I maintain my position] that scraping the open web is not illegal, but simply unethical — and there are exceptions for when it is acceptable to scrape without permission. But I’m no ethicist, and while I have AI scraping disabled on my own website, I’m not sure how to feel about misattribution when quoting other websites. I do feel it’s a threat to journalism, however, and companies should focus on signing content deals with publishers like OpenAI did. Stealing, however, is a red line: If a company tells an AI scraper not to touch their website, masquerading as a completely different computer with a different IP address and user agent is disingenuous and probably illegal. If someone calls the police and trespasses someone they don’t want on their premises, and then the next day they come in with a different jacket, that’s still illegal. The property owner has trespassed the unwanted visitor, so no matter what jacket they’re in, they’re still somewhere they’re not allowed to be.

It’s not illegal for one to go into a shop they’re not barred from entering when the shop is open to the public. A flag in a robots.txt file is the internet equivalent of trespassing AI bots from scraping a website. If the website doesn’t have a flag, I think it’s fair game for AI websites to be able to crawl it; this is why I wasn’t explicitly disappointed in Apple for scraping the open web. I wish Apple had told publishers how to disable Applebot-Extended — its AI training scraper — before it began training Apple Intelligence’s foundation models, but it doesn’t really matter in the grand scheme: I allowed my website to be scraped by Apple’s robots, so I can’t be mad, only disappointed. (I’ve now disallowed Applebot-Extended from indexing this website.) The same is true for The New York Times and OpenAI, but that’s not the case for Perplexity, which is putting on a disguise, trespassing, and stealing.

Perplexity is doing the equivalent of breaking into a Rolex store, stealing a bunch of watches, taming the Rolex logo off of them, then selling them on the street for 10 times the price saying “I made these watches.” It’s purely disingenuous and almost certainly illegal because the robots.txt file acts as a de facto terms of service for that website. Websites like Wired and Forbes, owned by multinational media conglomerates, almost certainly have clauses in their terms of service that disallow AI scraping, and if Perplexity violates those terms, the companies have a right to send it a cease and desist. Would suing go a step too far? Probably, but I also don’t see how that wouldn’t be legally sound, unlike The Times’ suit against OpenAI.

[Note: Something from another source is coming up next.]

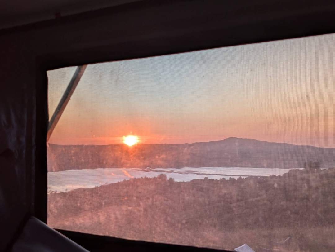 And it was a real odyssey: places that weren't what they promised, others full, others without coverage… until, finally, we found a spectacular place overlooking Tongue Bay. A large car park, close to the road but with no traffic, quiet and with a sunset that looked like it was painted by Van Gogh himself.

You might think I’m playing favoritism with Silicon Valley’s golden child AI startup, but I’m not — they’re just two different cases. One company, Perplexity, is violating the terms of service of a website actively every day presently. ChatGPT scraped The Times’ website before The Times could “trespass” OpenAI after ChatGPT’s launch, and that’s entirely fair game. On top of that, it used disingenuous means to target Times articles through ChatGPT, whereas Perplexity’s model just plagiarized without even being asked. Perplexity is designed by its makers to disobey copyright law and is actively encouraged to plagiarize. If Perplexity didn’t want to do harm, it could just switch back to the “PerplexityBot” user agent it told publishers to block, but even when the company is in the news for being nefarious, it’s still not budging. In fact, Aravind Srinivas, Perplexity’s chief executive, had the audacity to say Wired’s reporters were the ones who didn’t know how the internet works, not his company. Shameful. Perplexity is a morally bankrupt institution.